- **Data excerpts**:

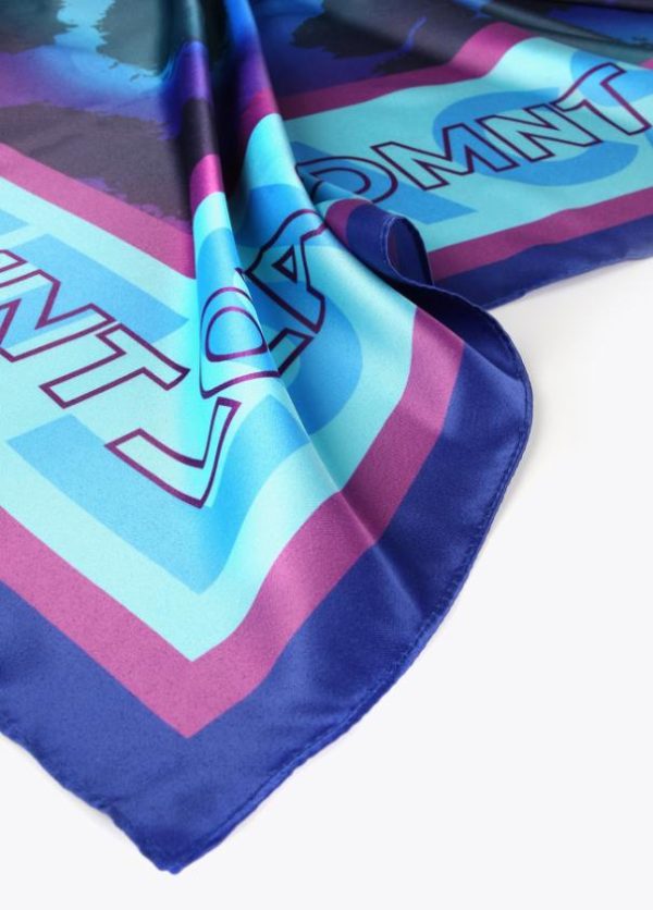 Pañuelo logotipado y combinado con estampado animal en tonos azules.
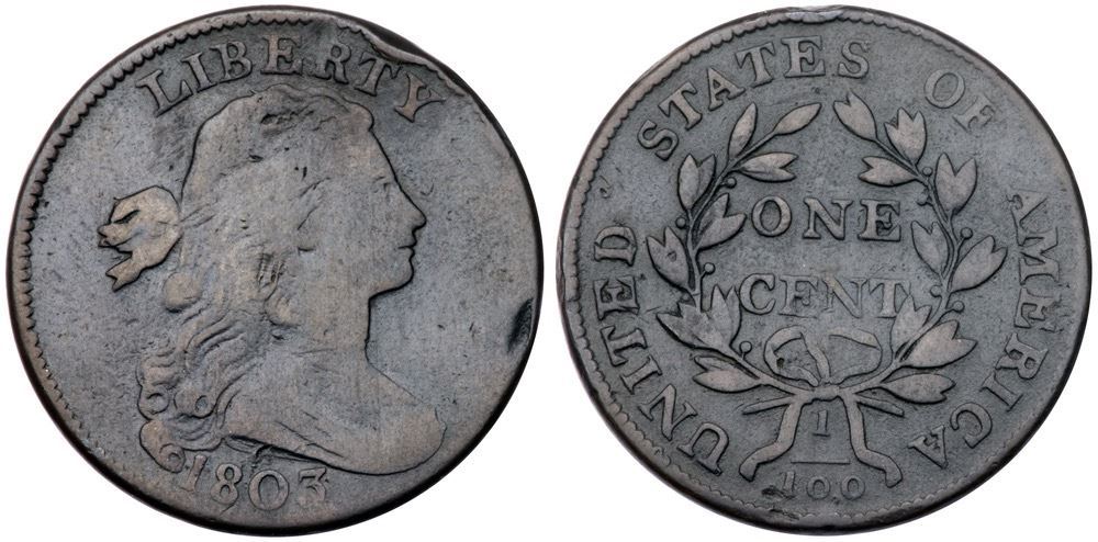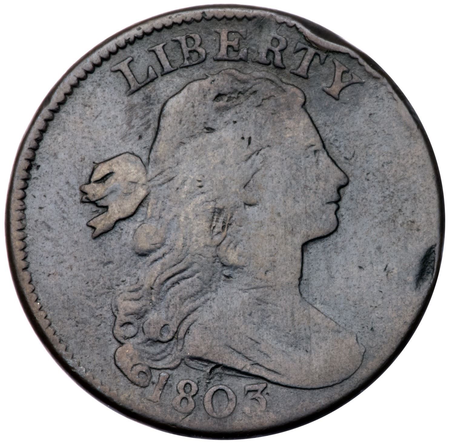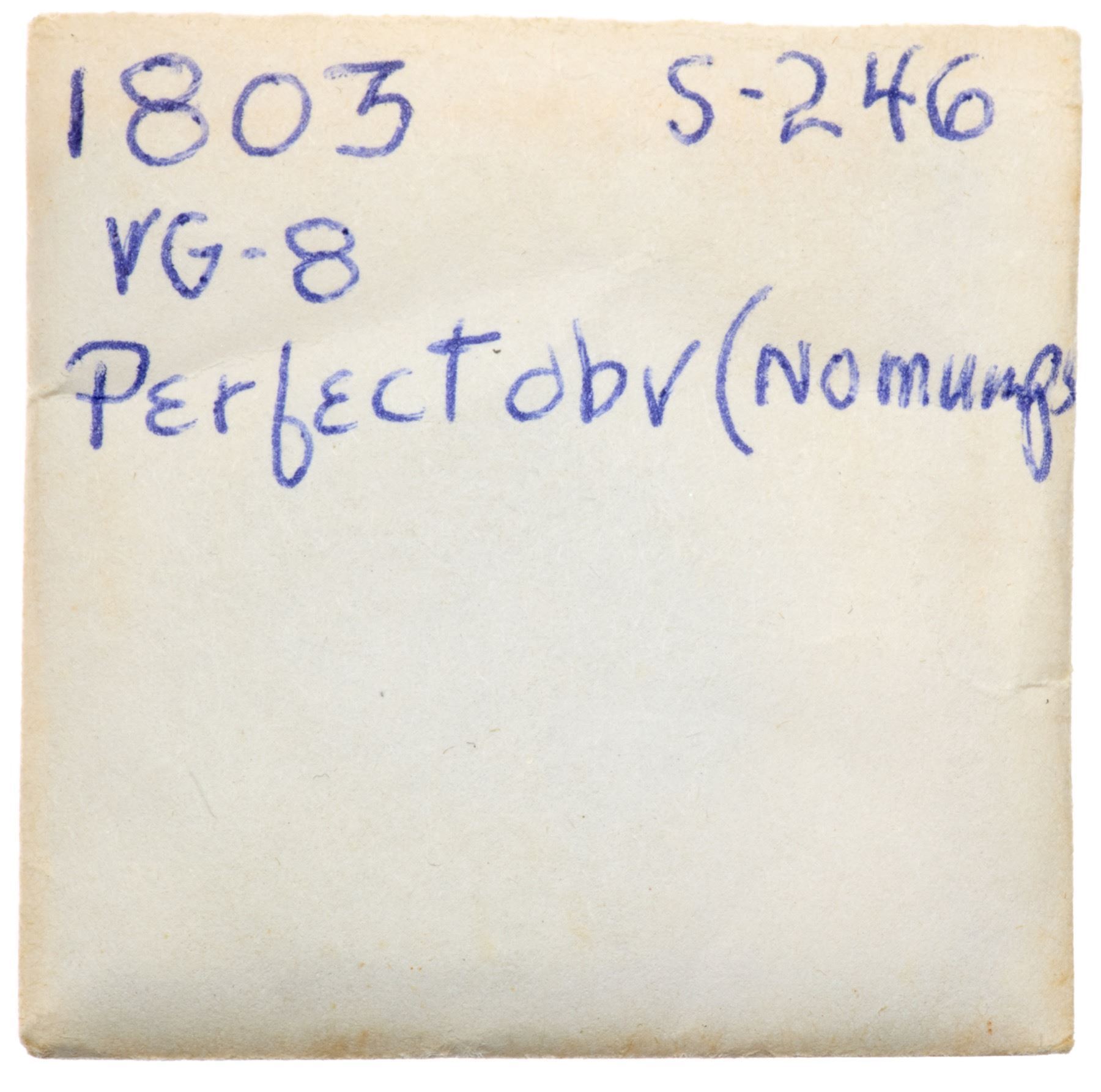 1802 S-246 R-3 VG7VG10+ but there is damage over ERT in LIBERTY and at K-3 on the obverse. There are also minor rim bumps at ED in UNITED, ES in STATES, and under the fraction. Glossy medium to dark brown surfaces with hints of deeper olive on the reverse. EDS, Breen state I.Certificate Number:
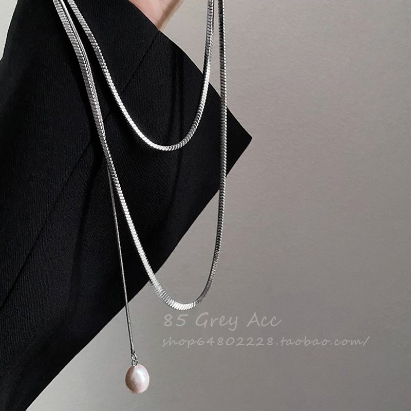 Layered Long Snake Bone Necklace for Women Ins Cool Style Sweatshirt Sweater Chain Hip-Hop Sweet Cool Sexy Clavicle Chain Accessories
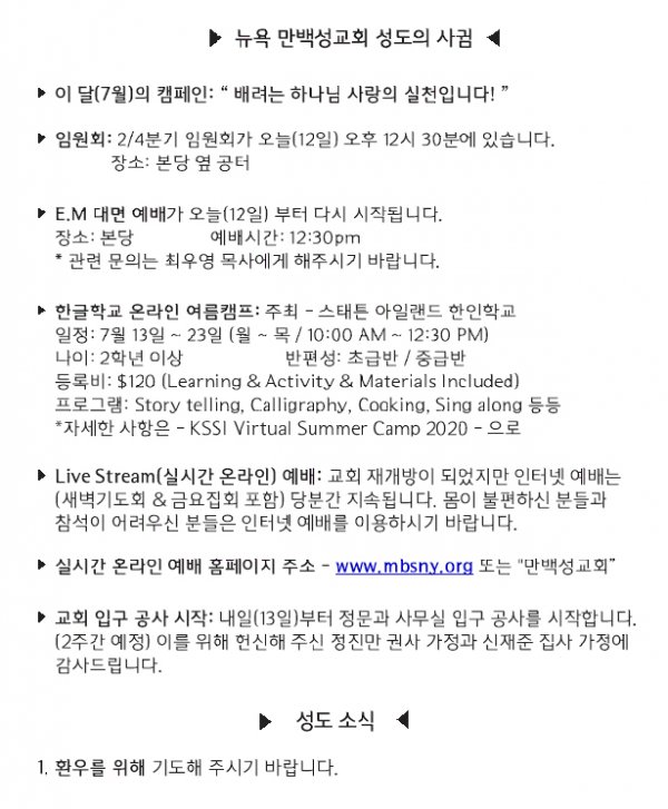[교회소식] 2020년 7월 12일 뉴욕만백성교회 성도의 사귐
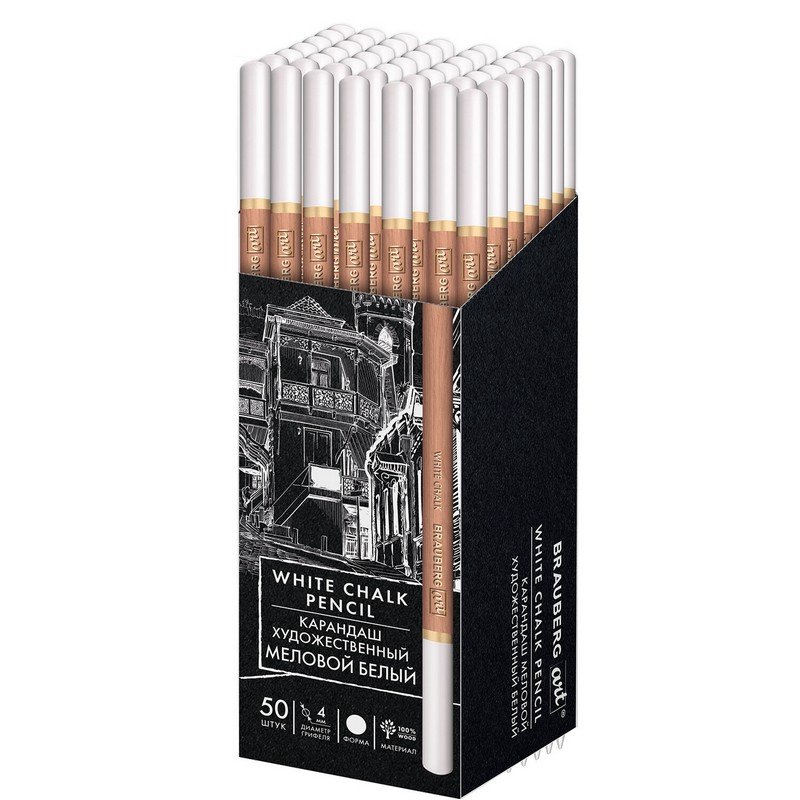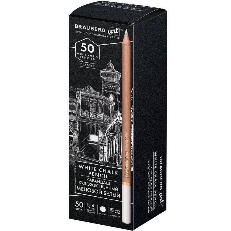 Карандаш МЕЛОВОЙ художественный белый, 1 штука, грифель 4 мм, BRAUBERG ART CLASSIC, 181922

- **Assigned task**:
Begin at the line containing "Layered Long Snake" and stop at the last line of the data. Repeat only those lines, exactly, and leave out the pictures.

- **Answer section**:
 Layered Long Snake Bone Necklace for Women Ins Cool Style Sweatshirt Sweater Chain Hip-Hop Sweet Cool Sexy Clavicle Chain Accessories
[교회소식] 2020년 7월 12일 뉴욕만백성교회 성도의 사귐
 Карандаш МЕЛОВОЙ художественный белый, 1 штука, грифель 4 мм, BRAUBERG ART CLASSIC, 181922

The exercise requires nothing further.